Investors looking to buy Sonic should consider doing so on weakness to $18.61, which was the low during the week of May 2, 2014. Investors looking to reduce holdings should do so by selling strength to $27.07, which is a key level on technical charts until the end of November.

Here's the weekly chart for Under Armour.

 

Courtesy of MetaStock Xenith

Under Armour closed Tuesday at $30.52, down 26.7% year to date. It is deep into bear market territory, 44.2% below its Sept. 25, 2015, high of $54.68. It set its 2016 low of $30.06 on Nov. 1.

The weekly chart is negative but oversold, with the stock below its key weekly moving average of $35.92, and below its 200-week simple moving average of $32.77. The weekly momentum reading is projected to decline to 13.51 this week, down from 17.52 on Oct. 28, well below the oversold threshold of 20.00.
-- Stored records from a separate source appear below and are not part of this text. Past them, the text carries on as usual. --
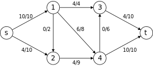 - ↑ This means that the subgraph resulting from removing all saturated edges (edges with ) does not contain any path from to . In other terms, the blocking flow is such that every possible path from to contains a saturated edge.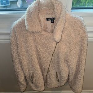 Experience ultimate comfort with the Say What? Cream Teddy Jacket, crafted from soft, fuzzy material for a cozy feel. This versatile piece features a collared neckline and a zip-up front, making it a stylish addition to any wardrobe.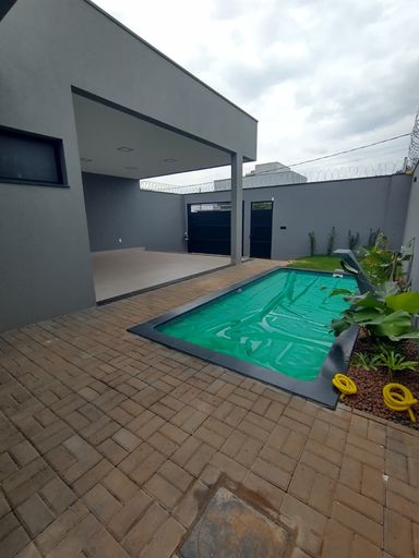 Casa linda e moderna sendo cozinha gourmet com ilha e churrasqueira, lavanderia coberta e totalmente separada, com acesso ao corredor lateral, salas de estar e jantar com pé direito duplo de 4 metros e jardim de inverno, lavabo, três quartos sendo um suíte com closet e jardim de inverno. Área de laser com piscina aquecida com hidromassagem, jardim. Garagem coberta para 2 veículos.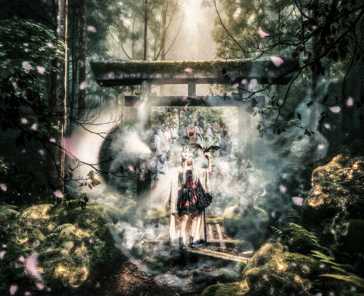 豊穣を願う狐囃子が響く中、二つの世界が交わります。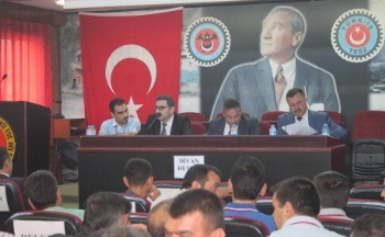 Sendikamız Ege Bölgesi konferans salonunda yapılan olağanüstü genel kurula, sendikamız Genel Başkan Yardımcısı Gülahmet Güven, Genel Sekreter Tamer Küçükgençay, Genel Mali Sekreter Zekeriya Aydın, Genel Teşkilatlandırma Sekreteri Yasin Karatay, Genel TİS ve Mevzuat Sekreteri Hasan Hüseyin Gürbüz, Genel Eğitim ve Araştırma Sekreteri Ahmet Çümen başta olmak üzere şube yöneticileri, işyeri temsilcileri ve delegeler katıldı.
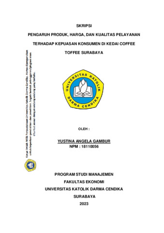 GAMBUR, YUSTINA ANGELA (2023) Pengaruh Produk, Harga Dan Kualitas Pelayanan Terhadap Kepuasan Konsumen Menginap Di Kedai Coffee Toffee Surabaya. Undergraduate thesis, Universitas Katolik Darma Cendika Fakultas Ekonomi.
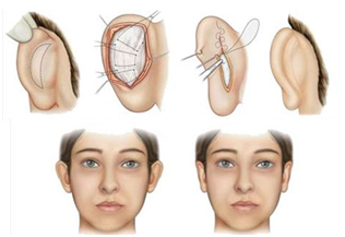 Attraverso una incisione cutanea realizzata nella parte posteriore del padiglione auricolare, quindi assolutamente non visibile, si procede ad asportare la striscia di cute in eccesso ed a modellare il foglio cartilagineo del padiglione auricolare, attraverso incisioni e suture che hanno il compito di ricreare i solchi mancanti ed accollare il padiglione alla struttura ossea della mastoide, creando così la simmetria di visione. La nuova forma e posizionamento del padiglione vengono assicurati da particolari fili di sutura non riassorbibili che dovranno garantire la prolungata stabilità statica. Infine, la sutura cutanea finale completa i tempi dell’intervento chirurgico. E’ previsto un bendaggio compressivo

Investors looking to buy Under Armour should consider doing so on weakness to $24.68, which is a key level on technical charts until the end of 2016. Investors looking to reduce holdings should do so by selling strength to $33.56, which is a key level on technical charts until the end of 2016.

This article is commentary by an independent contributor. At the time of publication, the author held no positions in the stocks mentioned.